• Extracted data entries
- Opening Delimiter -

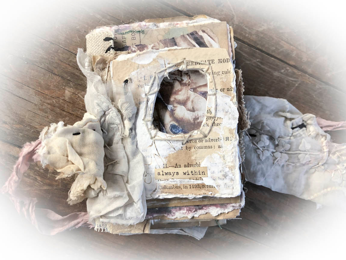 Want to create a piece of art, that draws the viewer in and has them wanting more? Then this is the class for you! Not only is this a small beauty of a book, but what a gem that radiates, intrigues and pulls the viewer in and has them wanting to investigate your book further. There is something precious and magical about holding something within the palms of your hands.
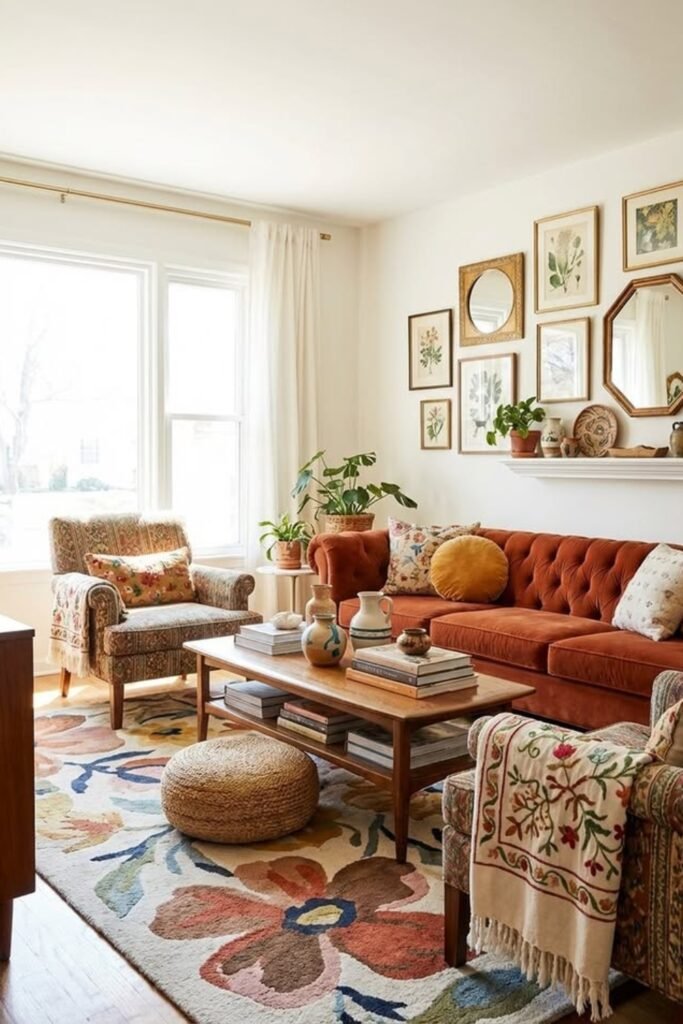 This idea works best in cozy living rooms with good daylight, where warm colors won’t feel heavy.
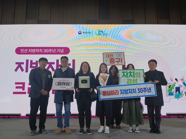 대전 중구가 울산전시컨벤션센터에서 열린 ‘지방자치 30주년 기념 크리에이터 경진대회’ 본선에서 장려상을 받았다. 23일 구에 따르면 경진대회는 행정안전부가 전국 지방자치단체를 대상으로 각 지역의 자치 성과와 의미를 공유·확산하기 위해 ‘응답하라 지방자치 30주년’을 주제로 개최했다. 구는 타임슬립 형식의 영상을 제작, 주민자치가 일상에서 어떻게 변화해 왔는지 사례 중심으로 설명하며 현장 평가단과 전문가 심사단의 긍정적인 평가를 받아 입선했다.
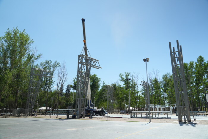 La municipalidad de Rivadavia informó que ya se colocaron las seis columnas que sostendrán el techo del nuevo polideportivo.
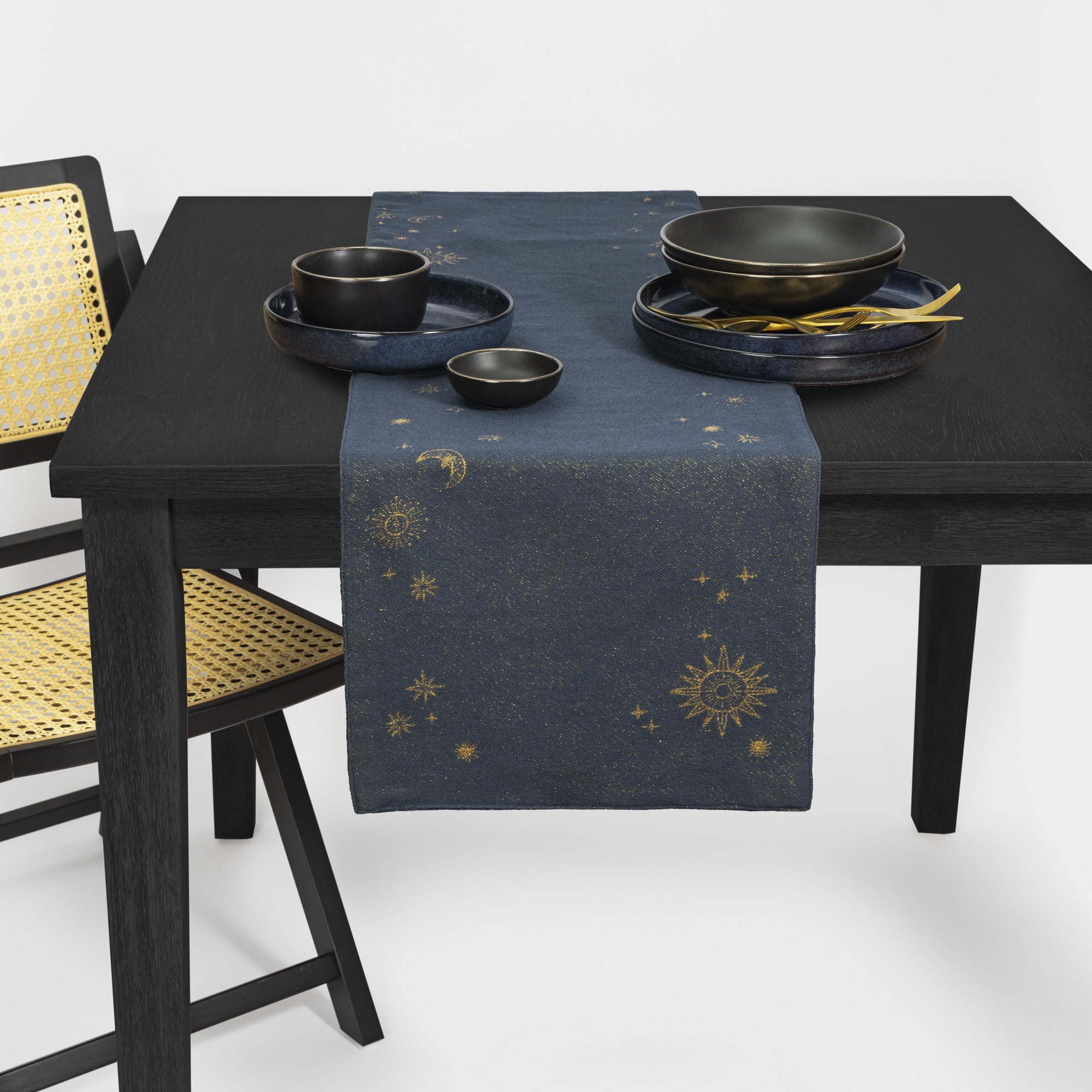 Transform your dining experience with the Thyme & Table 72" Celestial Table Runner. Crafted to enchant and inspire, this table runner features a mesmerizing celestial print that adds a touch of magic to any meal. The deep blue background sets the stage for a celestial scene with gold accents. Perfect for special occasions or everyday dining, this table runner brings a sense of wonder and elegance to your table setting. Made from high-quality materials, it offers durability and easy maintenance, ensuring lasting beauty for years to come. Whether you're hosting a dinner party or enjoying a quiet family meal, let the Thyme & Table 72" Celestial Table Runner be the focal point of your dining experience, creating an atmosphere of enchantment and delight.
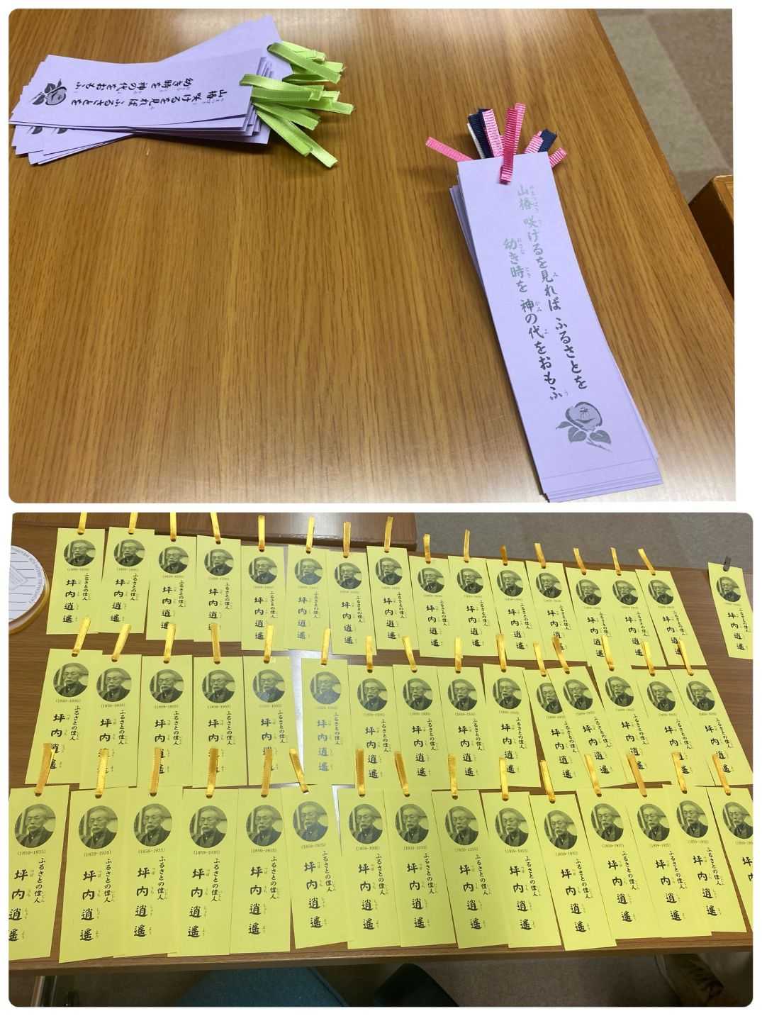 市内の全小学校3年生に配布する栞づくりをしてきました。
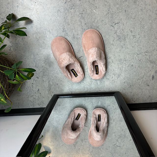 Rosa hjemmesko med synlig pelskant
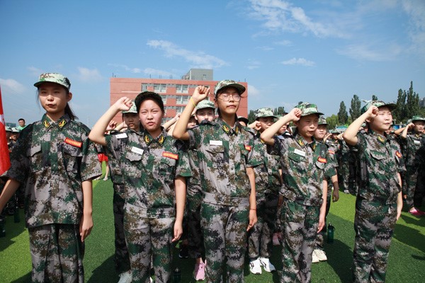 小营员们穿上橄榄绿色的军装,接过励志营营旗,举起拳头庄严宣誓,重温入队誓词,试穿小军装,戴上迷彩帽,结识新伙伴……孩子们新奇、兴奋,纷纷表示实现了自己“当兵”的愿望。
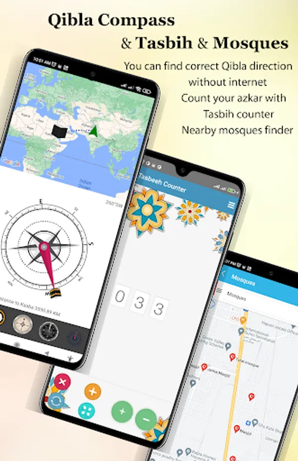 Qibla finder, compass and Qibla map, guiding you to the direction of Mecca. Make sure to always face the Kaaba during your prayers, even when you are not at home.

- Closing Delimiter -

• Exercise description
Stop after the line containing "Rosa hjemmesko med synlig pelskant": copy the records exactly from the first line up to there, leaving pictures out.

• Response area
 Want to create a piece of art, that draws the viewer in and has them wanting more? Then this is the class for you! Not only is this a small beauty of a book, but what a gem that radiates, intrigues and pulls the viewer in and has them wanting to investigate your book further. There is something precious and magical about holding something within the palms of your hands.
 This idea works best in cozy living rooms with good daylight, where warm colors won’t feel heavy.
 대전 중구가 울산전시컨벤션센터에서 열린 ‘지방자치 30주년 기념 크리에이터 경진대회’ 본선에서 장려상을 받았다. 23일 구에 따르면 경진대회는 행정안전부가 전국 지방자치단체를 대상으로 각 지역의 자치 성과와 의미를 공유·확산하기 위해 ‘응답하라 지방자치 30주년’을 주제로 개최했다. 구는 타임슬립 형식의 영상을 제작, 주민자치가 일상에서 어떻게 변화해 왔는지 사례 중심으로 설명하며 현장 평가단과 전문가 심사단의 긍정적인 평가를 받아 입선했다.
 La municipalidad de Rivadavia informó que ya se colocaron las seis columnas que sostendrán el techo del nuevo polideportivo.
 Transform your dining experience with the Thyme & Table 72" Celestial Table Runner. Crafted to enchant and inspire, this table runner features a mesmerizing celestial print that adds a touch of magic to any meal. The deep blue background sets the stage for a celestial scene with gold accents. Perfect for special occasions or everyday dining, this table runner brings a sense of wonder and elegance to your table setting. Made from high-quality materials, it offers durability and easy maintenance, ensuring lasting beauty for years to come. Whether you're hosting a dinner party or enjoying a quiet family meal, let the Thyme & Table 72" Celestial Table Runner be the focal point of your dining experience, creating an atmosphere of enchantment and delight.
 市内の全小学校3年生に配布する栞づくりをしてきました。
 Rosa hjemmesko med synlig pelskant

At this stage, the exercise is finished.